Fergus is Getting a Puppy–And He’s Not Happy About It

You may have met our eternal puppy, Fergus, before. I chronicled some of his more foolish and embarrassing exploits in this story:

3 Times My Dog Embarrassed Me and 1 Time He Nearly Knocked Me Out | by Elise Chidley | Medium

Fergus is 100 pounds of (mostly) pure muscle, with a keen (though futile) interest in hunting down chipmunks. He chases them daily from drainpipe to tree trunk, always with the same result. Failure.

He is also an eternal optimist when it comes to interacting with our other dog, a geriatric wheaten terrier named Maggie. He believes, without a shred of evidence, that Maggie wants to play with him.

He’ll prance up to her, go down on his elbows, and make growly sounds with an open, smiley mouth and lots of pointy teeth. In reponse, Maggie will open her own mouth and snarl in fury. Encouraged, he will then lift one hefty forepaw and flatten her so that she spreadeagles on the floor. She then scrabbles around desperately, unable to get back to her feet until we help her up.

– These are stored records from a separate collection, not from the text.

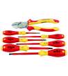 Juego de 7 Herramientas Aisladas a 1,000 V VENTAJAS: Probados individualmente a 10,000 V, Certificados a 1,000 V • Maneral Softfinish ergonómico • Pinza BiCut de alto rendimiento, sustituye a dos alicates, hasta un 50% menos de fuerza manual necesaria para cortar materiales extremadamente duros. • Forjados por estampación de Acero C70 de alta calidad INCLUYE: Pinza de corte diagonal Bicut de 8" • (3) Desarmadores planos: 1/8", 3/16" y 1/4" • (3) Desarmadores cruz: #0, #1, #2. WIHA
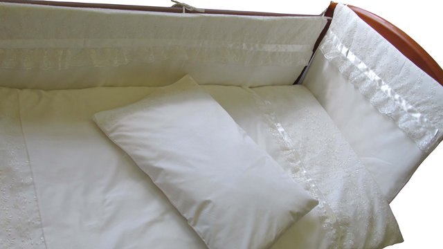 Описание: 1.Борт раздельный на молнии 4 части высота 45 длина 120 2.Одеяло 110х140 3.Подушка 40х60 4.Простыня на резинке 120х60 5.Наволочка 40х60 6.Пододеяльник на молнии 147х112
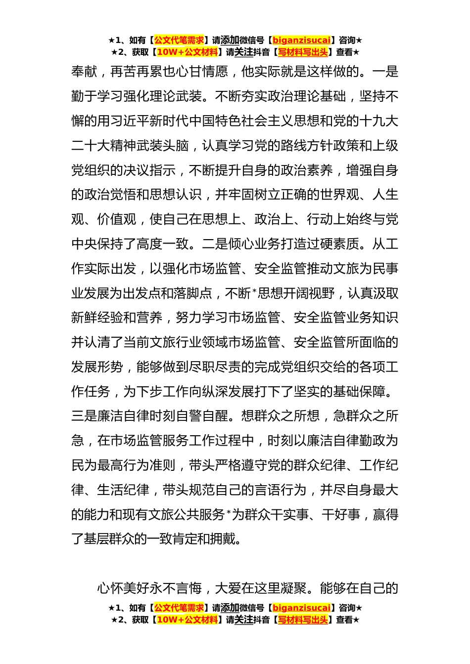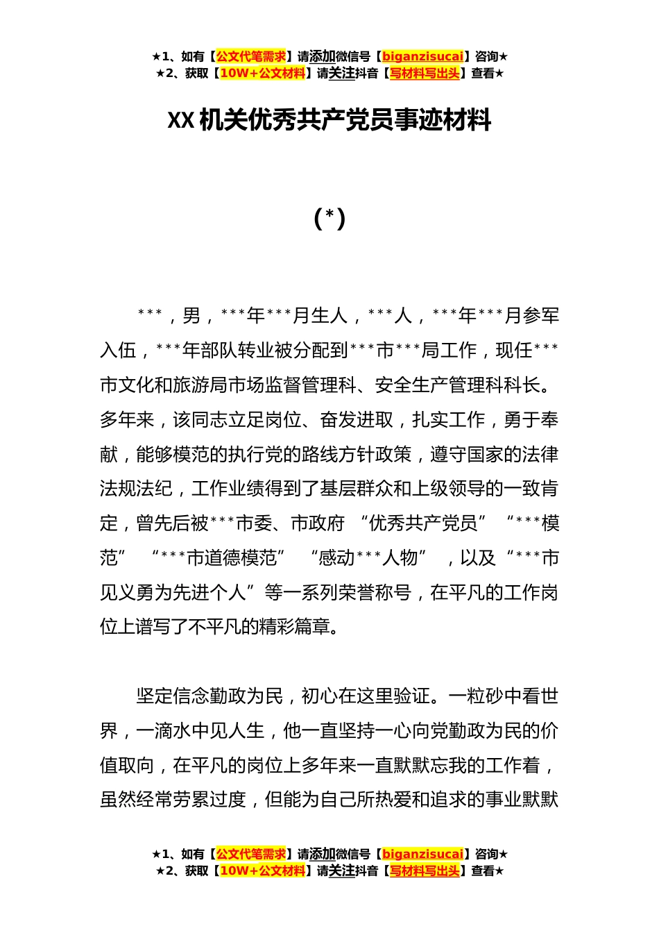 ★1、如有【公文代笔需求】请添加微信号【biganzisucai】咨询★★2、获取【10W+公文材料】请关注抖音【写材料写出头】查看★XX机关优秀共产党员事迹材料(*)***,男,***年***月生人,***人,***年***月参军入伍,***年部队转业被分配到***市***局工作,现任***市文化和旅游局市场监督管理科、安全生产管理科科长。多年来,该同志立足岗位、奋发进取,扎实工作,勇于奉献,能够模范的执行党的路线方针政策,遵守国家的法律法规法纪,工作业绩得到了基层群众和上级领导的一致肯定,曾先后被***市委、市政府“优秀共产党员”“***模范”“***市道德模范”“感动***人物”,以及“***市见义勇为先进个人”等一系列荣誉称号,在平凡的工作岗位上谱写了不平凡的精彩篇章。坚定信念勤政为民,初心在这里验证。一粒砂中...
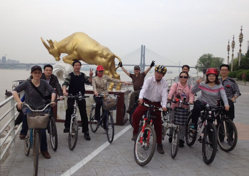 3月3日,陽光明媚,湖大附中教職工自行車協(xié)會首次校外活動騎往武昌江灘。該協(xié)會有一個特別的名字“騎士協(xié)會”。在會長陳志輝的帶領下,沿著老騎手葉章維老師設計的路線,一行十一人從學校出發(fā),浩浩蕩蕩騎往武昌江灘公園。車隊穿行在柳枝吹拂的江邊小路上,進入天然氧吧,老師們個個心曠神怡,神清氣爽。校長李玉新身先士卒,一路上講解著騎行知識,校助魏偉前后照應著隊員。
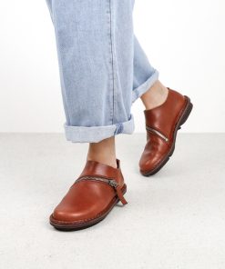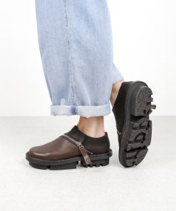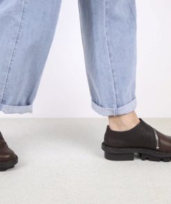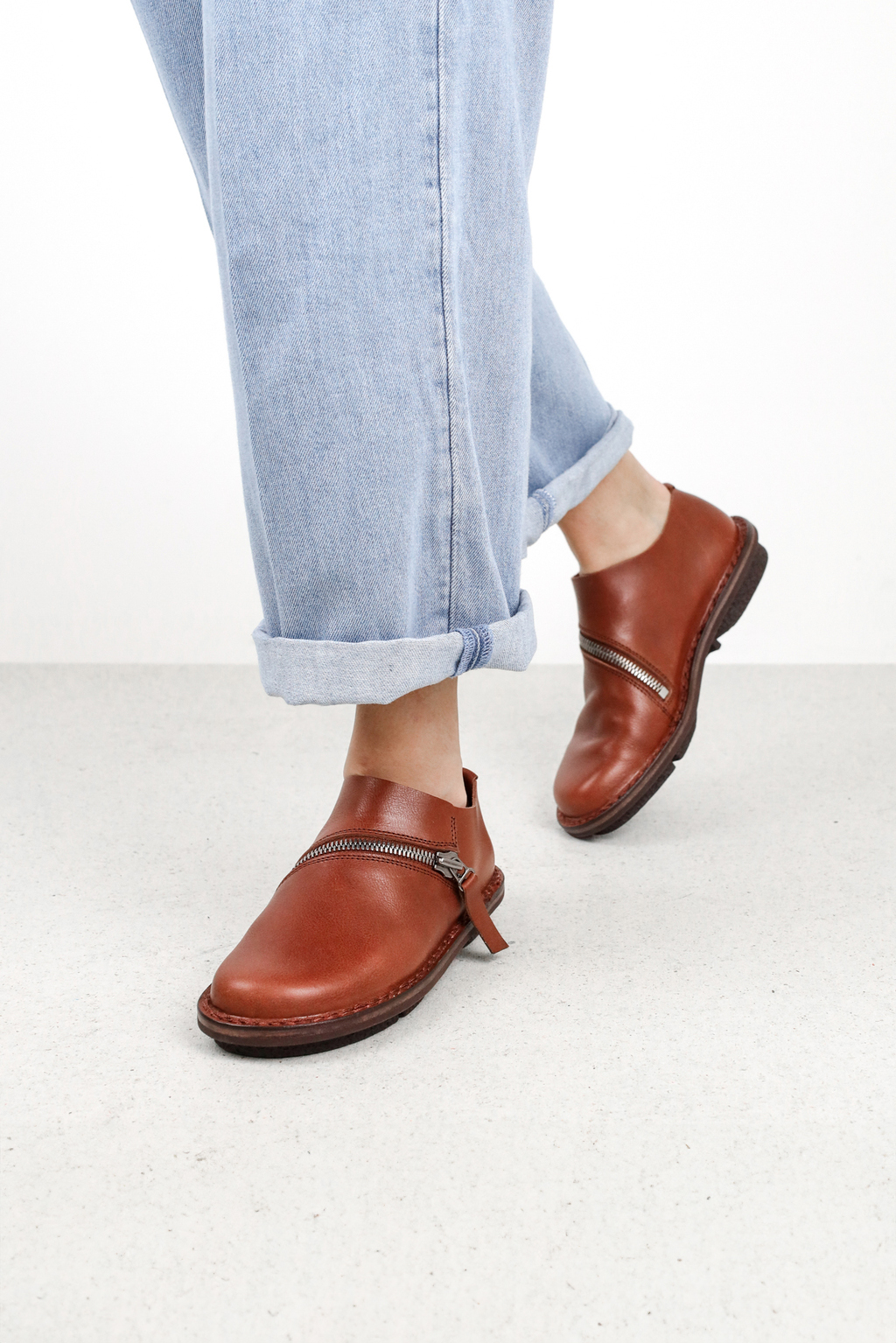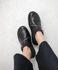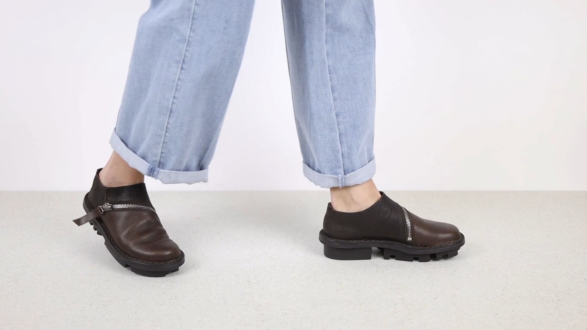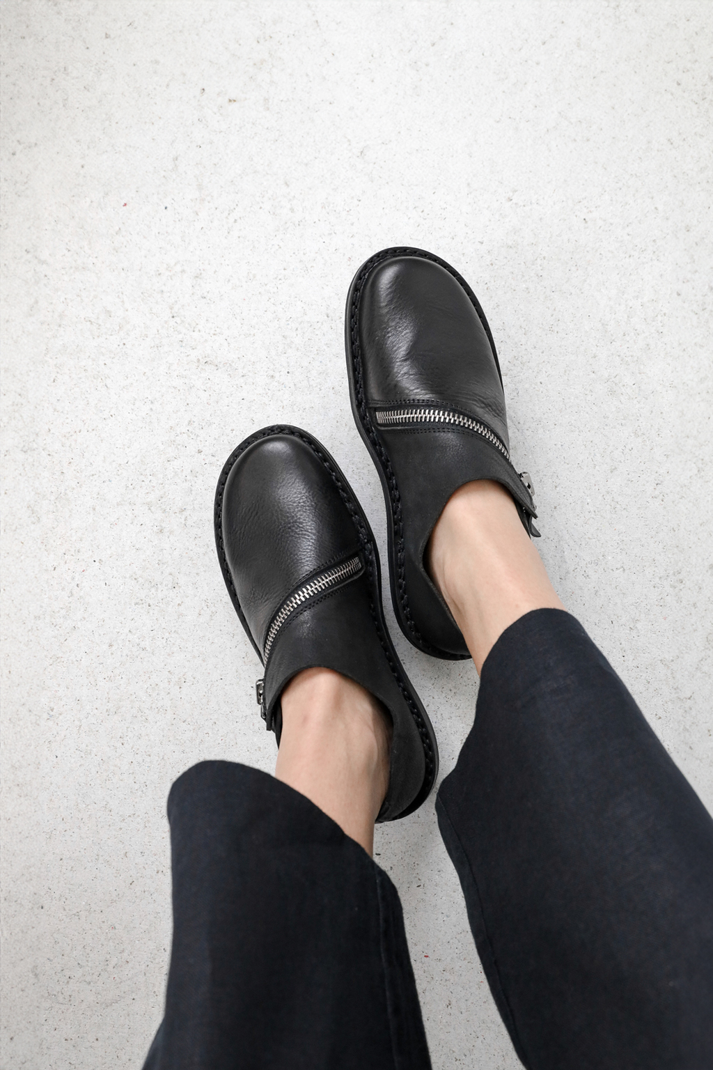 The wide metal zipper running diagonally across the instep divides the shoe into two halves, which can also be accentuated with different materials or colors.
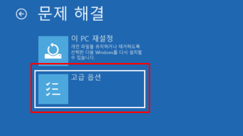 ③ 옵션 선택 화면이 표시되면 다음 과정을 통해 안전 모드 선택이 가능합니다. (로그인 화면에서 안전모드로 진입한 것과 방법은 동일합니다.)
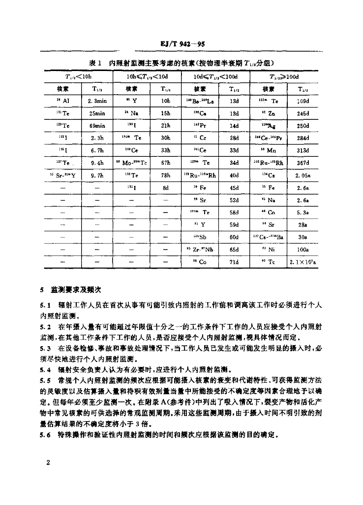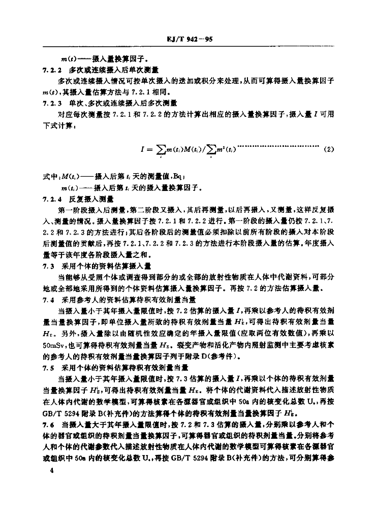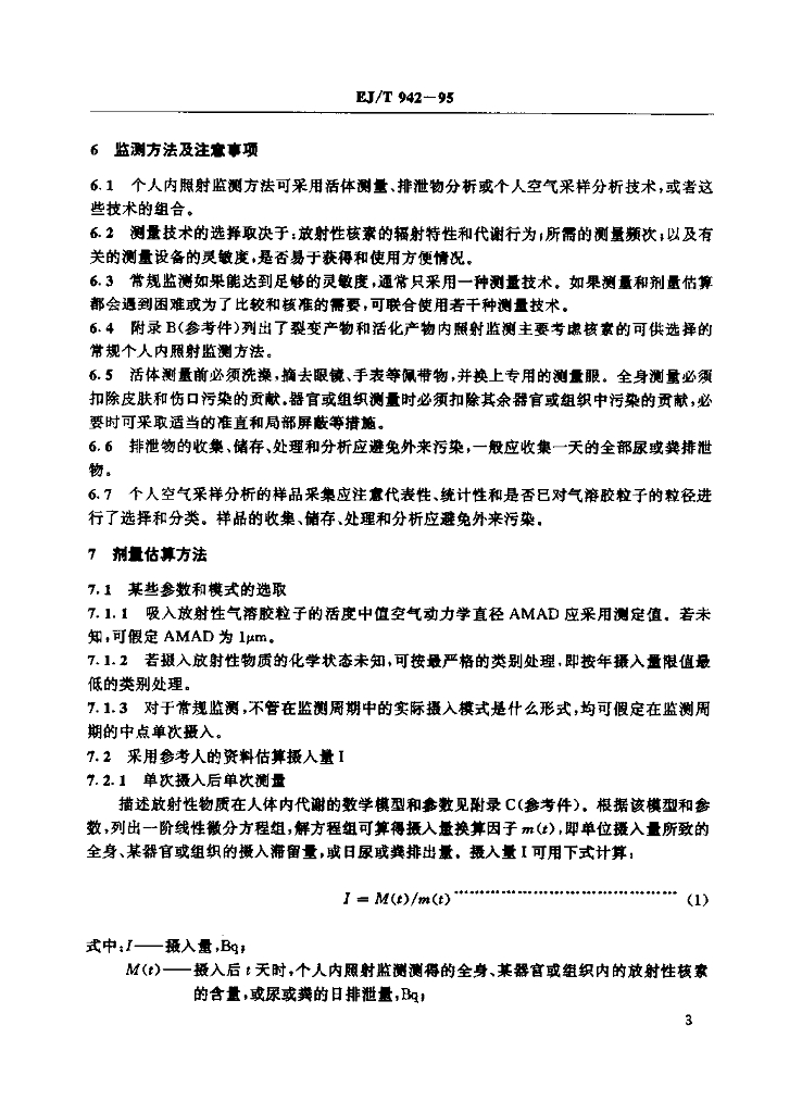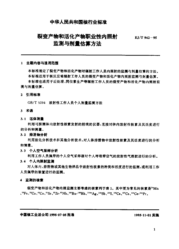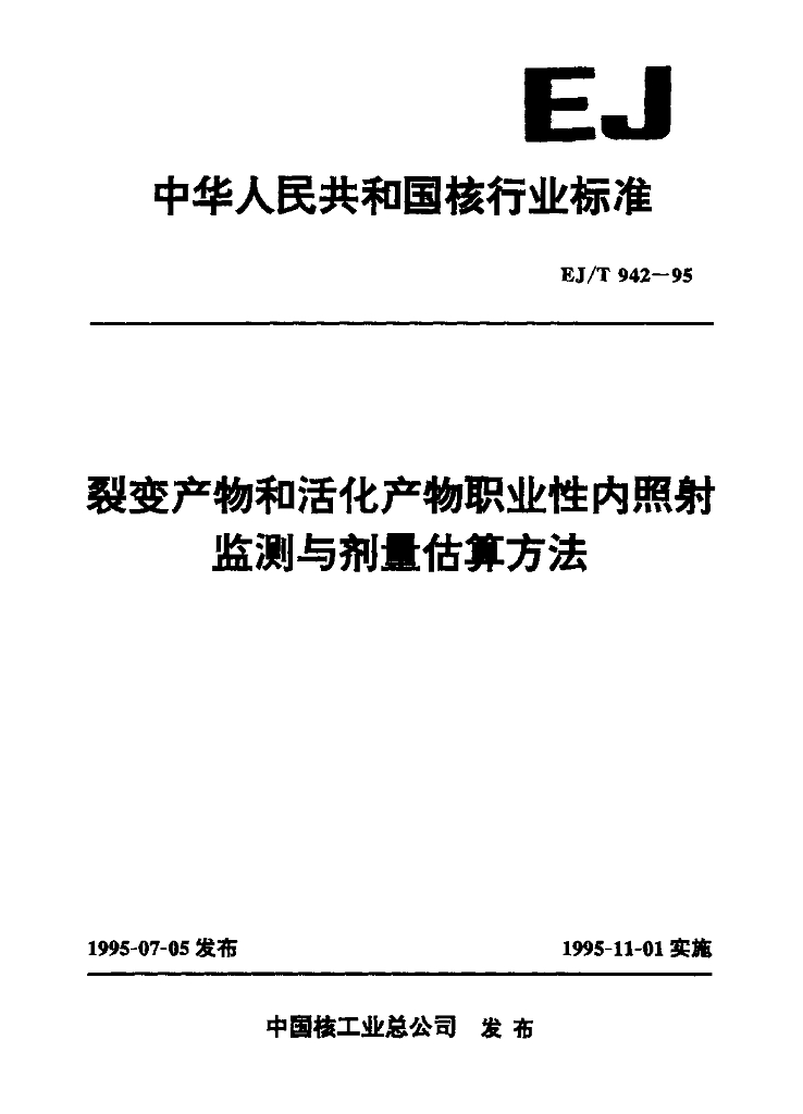 EJ/T 942-1995 裂变产物和活化产物职业性内照射监测与剂量估算方法
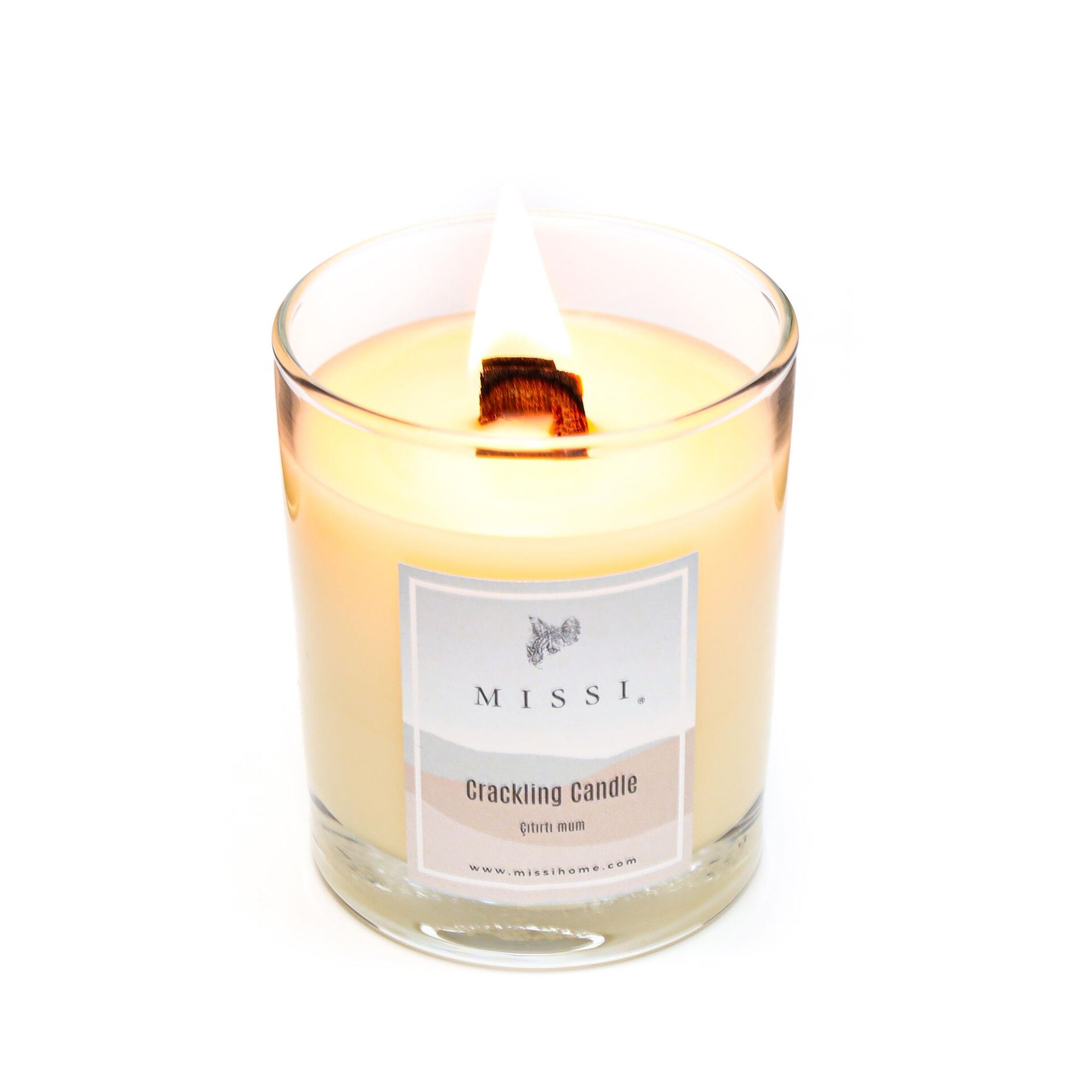 6x8 cm, ort 130-140 gr brüt 320 gr.Bitkisel yağ ile imal edilmiştir.Bittikten sonra ebatına uygun ahşap fitilli missi çıtırdayan refil mum alarak kullanabilirsiniz.Uzun saatler yaktığınız zaman mumun üst kısmı likit olmaktadır,likit çoğaldığı zaman çıtırtı kısmen azaldığı için bardağı az bir şekilde oynatarak yanma esnasındaki çıtırtının çoğaldığını göreceksiniz.Yağların karışma ve ahşap özelliğine istinaden mum yanarken odun çıtırtısı çıkartarak ambiyansınıza hoşluk katacaktır.
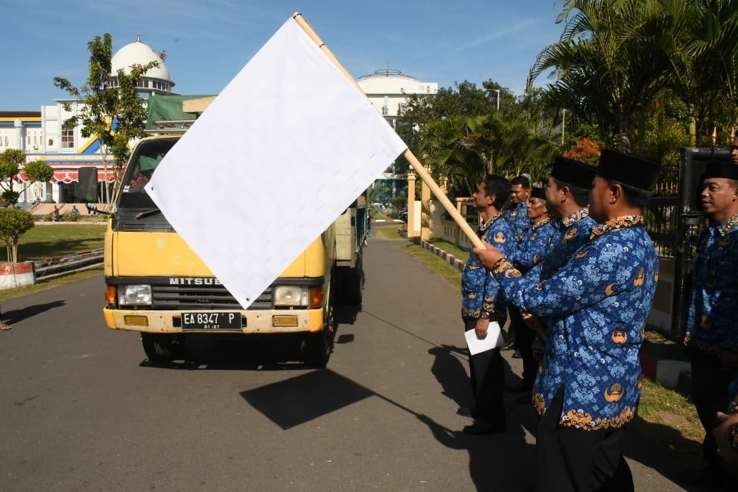 Dompu (Suara NTB) – Bupati Dompu, Bambang Firdaus, SE melepas bantuan pangan untuk disalurkan kepada 22.773 kepala keluarga (KK) se Kabupaten Dompu. Namun dihari pertama penyaluran diarahkan untuk warga di Kecamatan Hu’u dan setiap KK mendapatkan 20 kg beras.
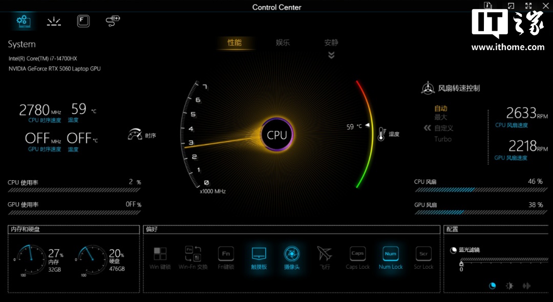 17.3 英寸魔鬼鱼系列 D17 搭载英特尔酷睿 i7-14700HX 处理器,采用 20 核心 28 线程架构,睿频至高可达 5.5GHz。新机的显卡则搭载 115W 满功耗版 8GB 显存的 RTX 5060,自带控制中心,支持安静模式、娱乐模式和性能模式切换。
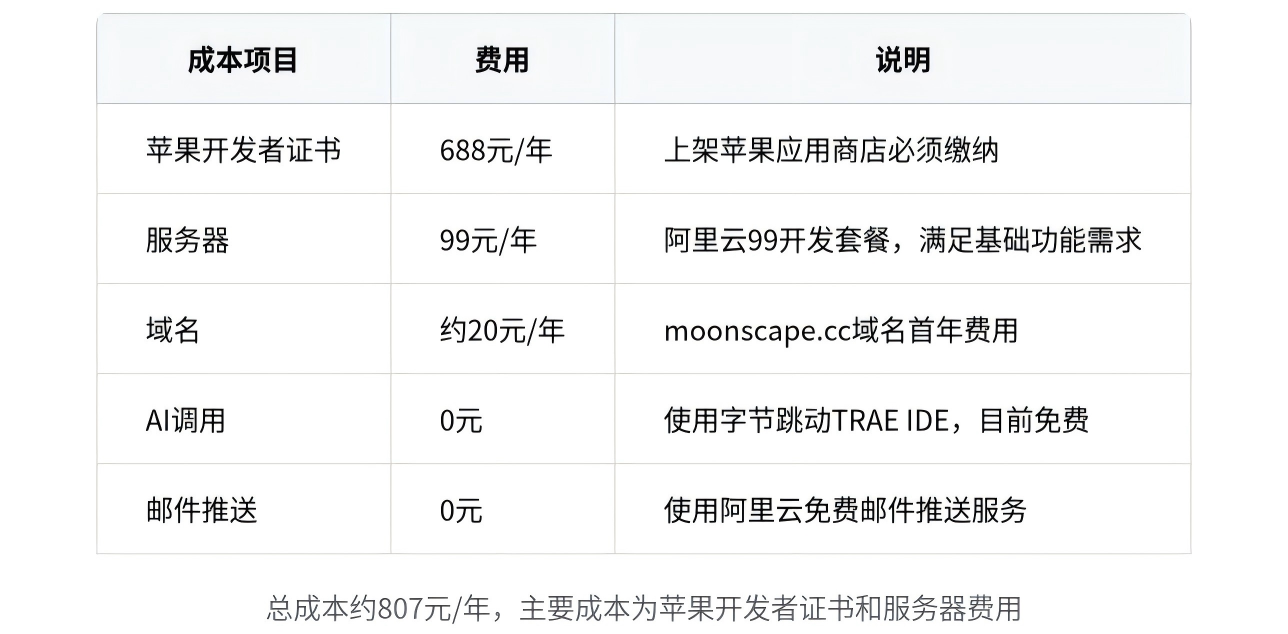 借助AI开发一款轻量级应用,其年度固定成本可控制在千元以内,其中人力成本趋近于零,仅剩苹果开发者年费和基础服务器两项核心支出。

It’s to spare Maggie the pain and indignity of Fergus’s attentions that we’ve decided to bring a new puppy into the family.

The puppy we’ve chosen is a cross between a Bernese mountain dog and a miniature poodle.

The other day, we loaded Fergus into the back of the car and took him with us on our mission to decide which puppy in the litter we wanted to bring home. He was very excited to be going on an expedition — as I could see from his perked ears, shining eyes, and enormous grin.

When we arrived at the home of the puppy dealer, who had just returned from an overnight trip to Pennsylvania to pick up the pups, my husband took Fergus out on the gentle leader and walked him around the dealer’s front yard.

I, meanwhile, went to the backyard to meet the puppies. One by one, I lifted them in my arms and took them through the wooden gate to meet their potential big brother, who was pacing around with a worried look on his face and an enormous yardage of tongue trailing from his mouth.

The first puppy was extremely confident and playful. She ran up to me with a wagging tail, and didn’t seem at all dismayed as we approached Fergus, who had to weigh at least ten times more than she did.

The dismay was all on Fergus’s side. He took one look at the thing in my arms and backed up behind my husband. Then he leapt in fright, running his claws down my husband’s side, as if to say: “Save me from this dangerous morsel of a dog. It has a mouth full of fangs and a heart full of evil, anybody can see that!”

His attitude to the puppies changed ever so slightly as I brought them out, one by one, for inspection. His initial fear seemed to die down a little, to be replaced by a very pointed and exaggerated indifference.

The last puppy was a timid, shrinking soul, about as indifferent to Fergus as he was to her. At first, neither one would so much as look at the other. The puppy’s tail refused to wag when I turned her around so that he could sniff that end of her. Fergus wasn’t interested in any such sniffing. I turned the puppy back around again. And then — a tiny miracle. Fergus came closer. He looked at the little wriggling bundle in my arms. And then he leaned in —and the two of them touched noses for just a second.

A connection.

“Right,” we said. “We’ll take this one.”

I promise to report back on Fergus’s reaction when this rather nervous puppy arrives to share his home — in about a week’s time.